= Beginning of Section =

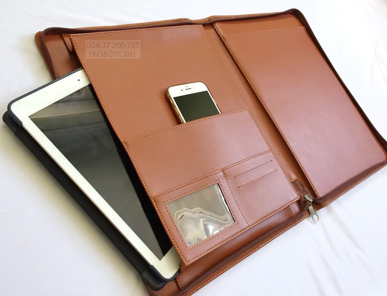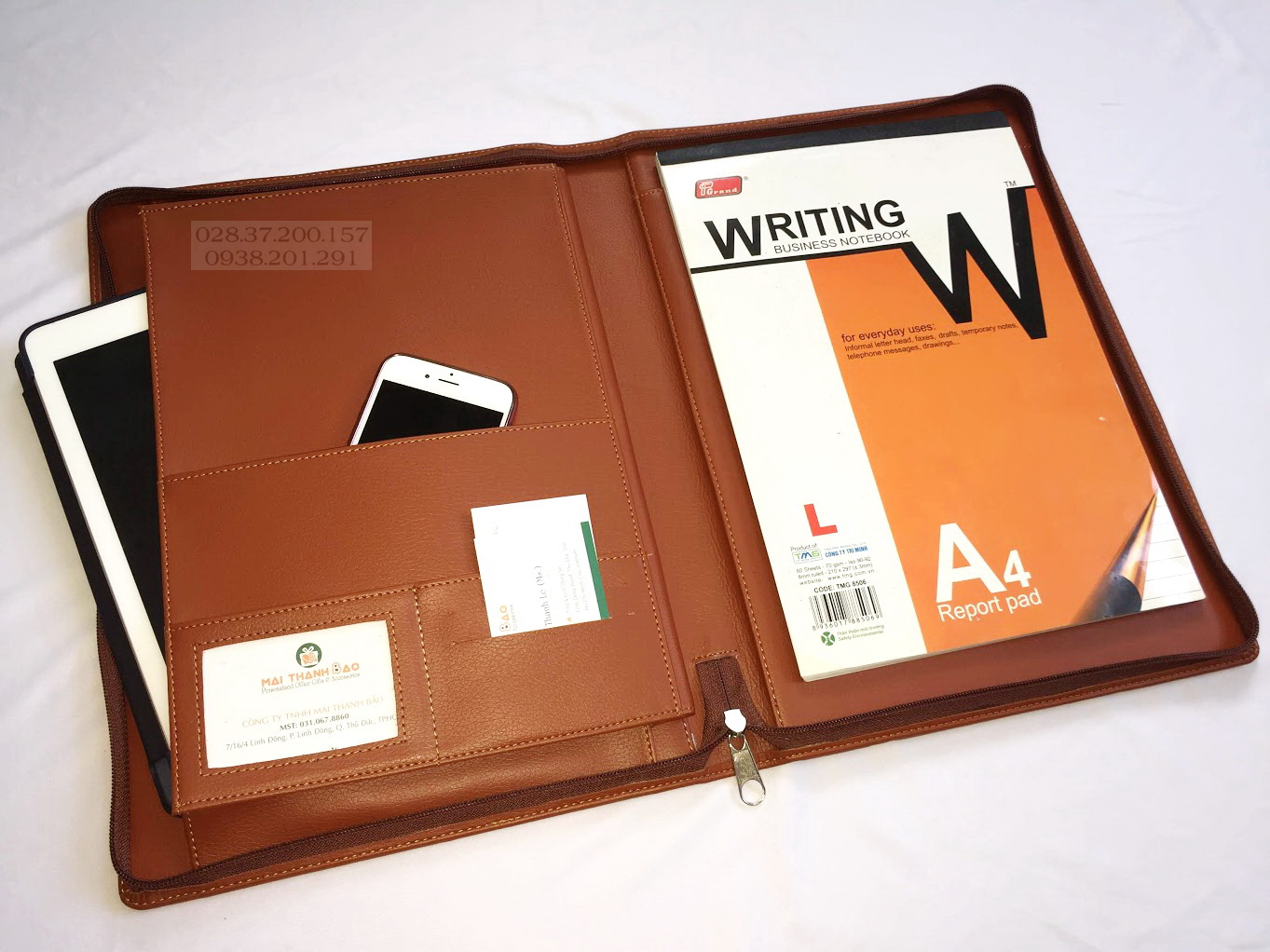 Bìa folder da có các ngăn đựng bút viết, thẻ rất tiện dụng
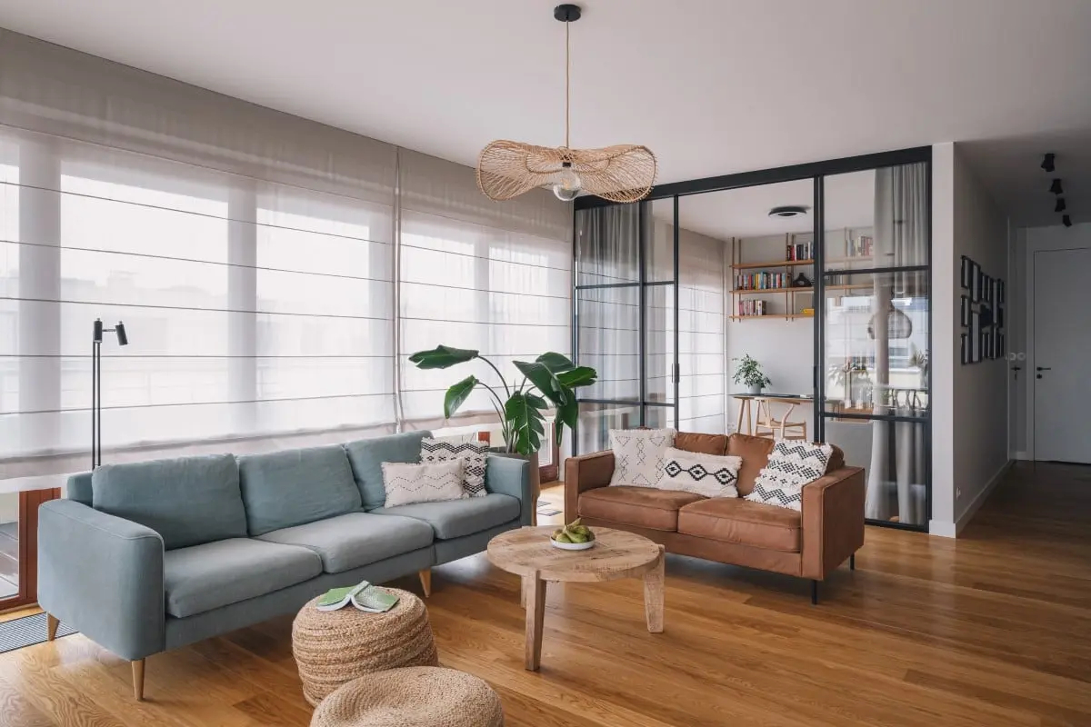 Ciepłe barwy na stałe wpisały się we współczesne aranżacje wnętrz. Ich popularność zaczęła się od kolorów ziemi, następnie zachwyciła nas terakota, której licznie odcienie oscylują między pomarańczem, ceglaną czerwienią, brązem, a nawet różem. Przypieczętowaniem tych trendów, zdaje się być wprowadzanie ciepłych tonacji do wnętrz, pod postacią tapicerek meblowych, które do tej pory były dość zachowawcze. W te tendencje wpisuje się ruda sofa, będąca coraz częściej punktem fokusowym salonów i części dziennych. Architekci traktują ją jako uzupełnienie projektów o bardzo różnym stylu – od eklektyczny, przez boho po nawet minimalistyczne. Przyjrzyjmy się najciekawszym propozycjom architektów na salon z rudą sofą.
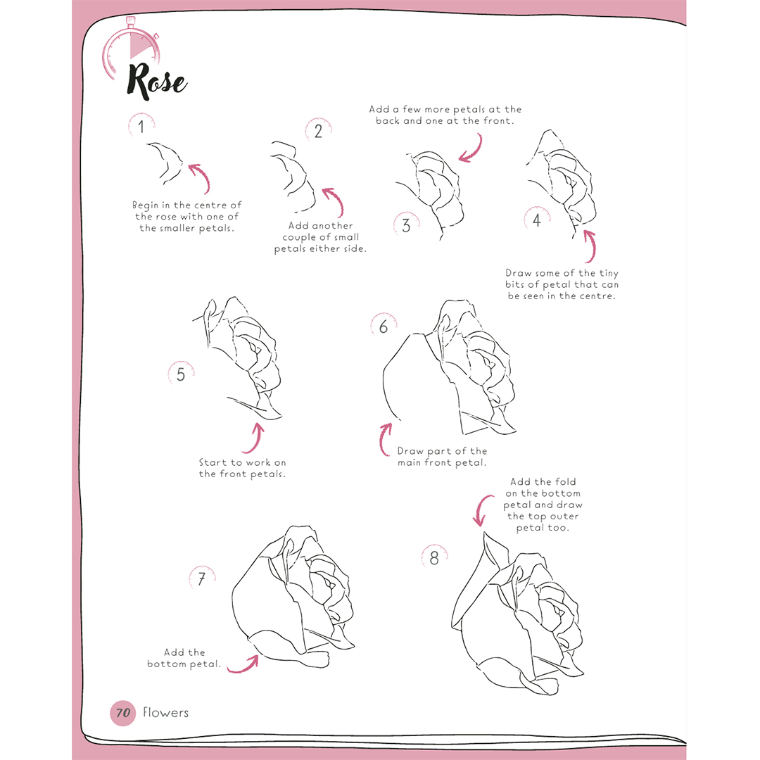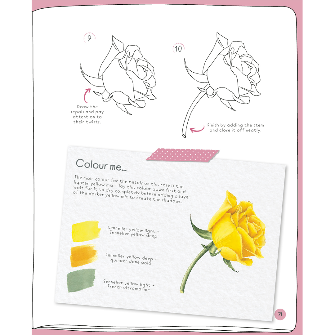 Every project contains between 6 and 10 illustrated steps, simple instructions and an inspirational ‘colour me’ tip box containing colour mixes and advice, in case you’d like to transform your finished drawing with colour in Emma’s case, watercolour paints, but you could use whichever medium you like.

= End of Section =

#### [DESCRIPTION OF THE TASK]
Set the material above down again word for word. Include none of its pictures.

#### [YOUR SOLUTION]
 Bìa folder da có các ngăn đựng bút viết, thẻ rất tiện dụng
 Ciepłe barwy na stałe wpisały się we współczesne aranżacje wnętrz. Ich popularność zaczęła się od kolorów ziemi, następnie zachwyciła nas terakota, której licznie odcienie oscylują między pomarańczem, ceglaną czerwienią, brązem, a nawet różem. Przypieczętowaniem tych trendów, zdaje się być wprowadzanie ciepłych tonacji do wnętrz, pod postacią tapicerek meblowych, które do tej pory były dość zachowawcze. W te tendencje wpisuje się ruda sofa, będąca coraz częściej punktem fokusowym salonów i części dziennych. Architekci traktują ją jako uzupełnienie projektów o bardzo różnym stylu – od eklektyczny, przez boho po nawet minimalistyczne. Przyjrzyjmy się najciekawszym propozycjom architektów na salon z rudą sofą.
 Every project contains between 6 and 10 illustrated steps, simple instructions and an inspirational ‘colour me’ tip box containing colour mixes and advice, in case you’d like to transform your finished drawing with colour in Emma’s case, watercolour paints, but you could use whichever medium you like.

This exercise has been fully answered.